Independiente de si los gobiernos son de centro, derecha o de izquierda, estamos presenciando un periodo de crisis de las democracias y del modelo de desarrollo bajo la égida del capital. El resultado en Colombia es inequidad y exclusión. Una sostenida desigualdad en la distribución de los ingresos y la riqueza que se perpetúa mediante la corrupción o la rampante apropiación privada de los recursos públicos con actividades lícitas o ilícitas (muchas veces van juntas), o en el reino de “todo vale” mediante el despojo, el desplazamiento, la criminalización y el asesinato de personas que lideran sus comunidades y hasta el exterminio de quienes se sitúan en la oposición política, y ni qué decir de las guerras aupadas por los apetitos insaciables de acumulación de riqueza y dominación.
Si a este coctel convulso se le suma el desprecio por la vida –entendida como la matriz de la existencia de todas las especies y seres en la madre tierra–, la intolerancia y el miedo como estrategia para ver enemigos a cada paso y con ello evitar que se fortalezcan lazos de solidaridad, convivencia en el respeto y construcción colectiva de un mundo donde “otros” y “otras” puedan convivir en la diversidad, lo más probable es que quienes han sido olvidados, violentados y excluidos de las promesas del desarrollo quieran interpelar en vivo y en directo a sus gobernantes, porque posiblemente no se sientan incluidos ni reconocidos.
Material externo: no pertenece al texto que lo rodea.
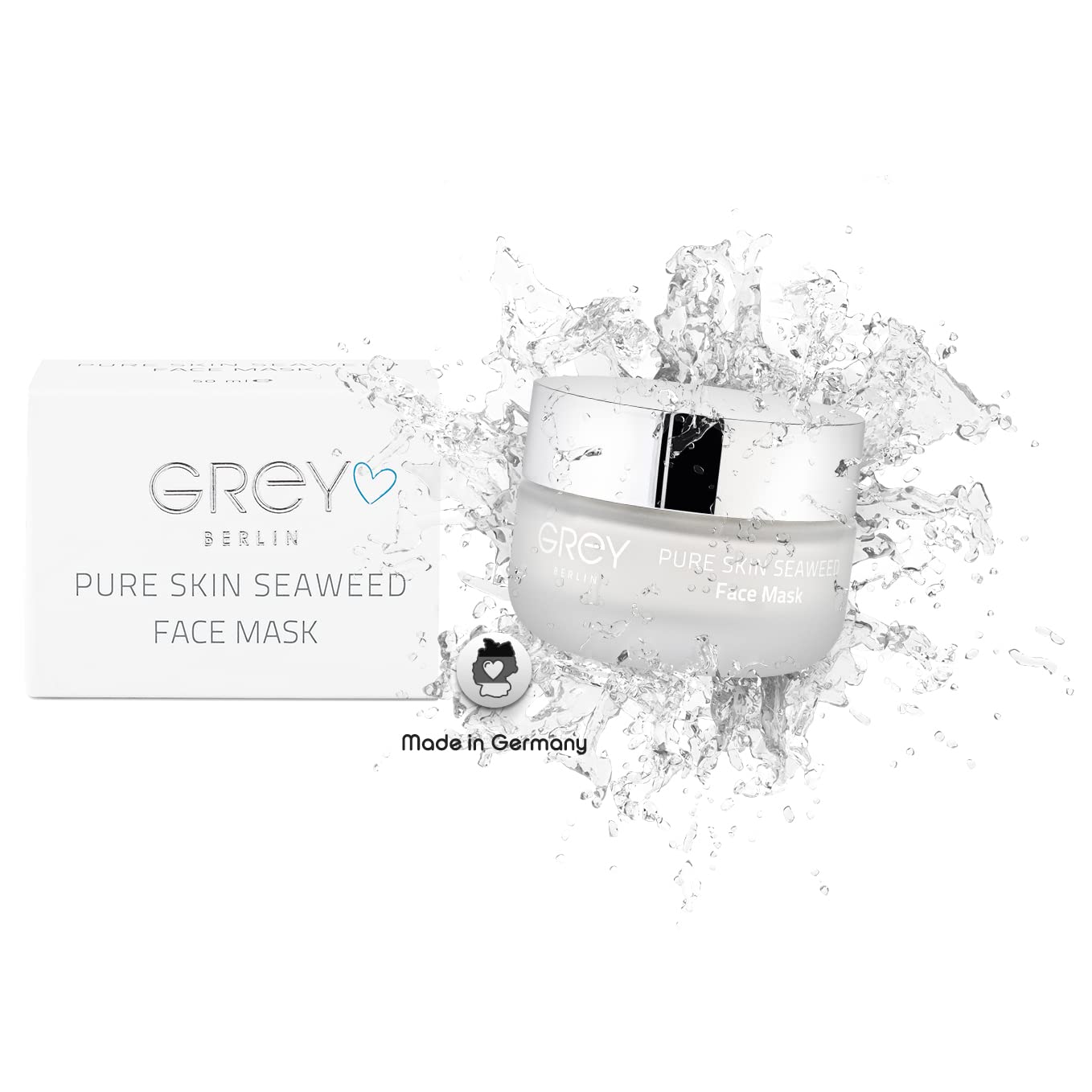 100 vegan natural cosmetics, made in Germany. Your care route: for healthy, radiant skin, it is best to use the mask 2-3 times a week. Apply them to the cleansed face, neck and décolleté and let them work for 10-15 minutes. Then simply remove them with lukewarm water for soft skin. Soothing – the mix of green clay, zinc oxide and magnolia extract also has an anti-inflammatory and antibacterial effect. Ideal for sensitive or blemish-prone skin. Moisturizing – the combined active ingredients from seaweed hydrate your skin and protect it against free radicals. Our algae are among nature's strongest antioxidants, stronger than Q10 and vitamin C. The Pure Skin Seaweed Face Mask from Gray Berlin stimulates tired skin and provides a radiant complexion, your quick wellness skin care at home.GREY Berlin Pure Skin Seaweed Gezichtsmasker, hydraterend anti-aging gezichtsmasker met IJslandse algen en groene kleiaarde, voor onzuivere huid, veganistische natuurlijke cosmetica, made in Germany100 veganistische natuurlijke cosmetica, made in Germany. Je verzorgingsroute: voor een gezonde, stralende huid gebruik je het masker het beste 2-3 keer per week. Breng ze aan op het gereinigde gezicht, hals en decolleté en laat ze 10-15 minuten inwerken. Verwijder ze daarna eenvoudig met lauw water voor een zachte huid. Rustgevend – de mix van groene kleiaarde, zinkoxide en magnolia-extract werkt bovendien ontstekingsremmend en antibacterieel. Ideaal voor de gevoelige of tot onzuiverheden neigende huid. Vochtinbrengend – door de gecombineerde werkzame stoffen uit zeewier wordt je huid gehydrateerd en beschermd tegen vrije radicalen. Onze algen behoren tot de sterkste antioxidanten van de natuur, sterker dan Q10 en vitamine C. Het Pure Skin Seaweed Face Mask van Grey Berlin stimuleert de vermoeide huid en zorgt voor een stralende teint, je snelle wellness-huidverzorging voor thuis.

La movilización social en Colombia se ha configurado en los años recientes como una de las expresiones más recurrentes de acción colectiva a la que se apela para hacer público el descontento, denunciar la vulneración de derechos, la inconformidad frente a los efectos del modelo económico, hacia decisiones gubernamentales inequitativas o por el incumplimiento de los acuerdos previamente pactados con las autoridades competentes en anteriores protestas. La ciudadanía recurre a la expresión pública y la manifestación colectiva como vía directa para centrar la atención sobre sus intereses y presionar a las autoridades para que sus propuestas y demandas se atiendan. En realidad, así se conquistaron los derechos a lo largo de la historia universal para las mujeres, el mundo laboral, las minorías, el ambiente, la cultura o la propia participación ciudadana, a los que podemos apelar para nuestra protección frente a los abusos de poder y de autoridad.
Protestar hoy en el país es válido y urgente.
Ante un Congreso que le hace conejo a la consulta anticorrupción y un Presidente que prometió en campaña menos impuestos y mejores salarios, las razones de la ciudadanía, las organizaciones sociales, sindicales, de estudiantes y pueblos étnicos encuentran cada día más apoyos hasta de personajes públicos antes impensables para estas causas como la recientemente elegida reina de la belleza colombiana, que por su figuración mediática impactan por la contundencia del reconocimiento del derecho a protestar. Es visible el deseo de expresar la decepción, de hacerse oír, de encontrar solidaridades con quienes no conocen pero que entienden y comparten la justeza de que esos reclamos y demandas sean tenidas en cuenta. El sentir que se hace parte de una colectividad que tiene razones para alzar su voz en las calles es el medio que encuentran más idóneo para que los gobernantes las atiendan, es la forma de decir:
aquí estamos y estos son nuestros reclamos.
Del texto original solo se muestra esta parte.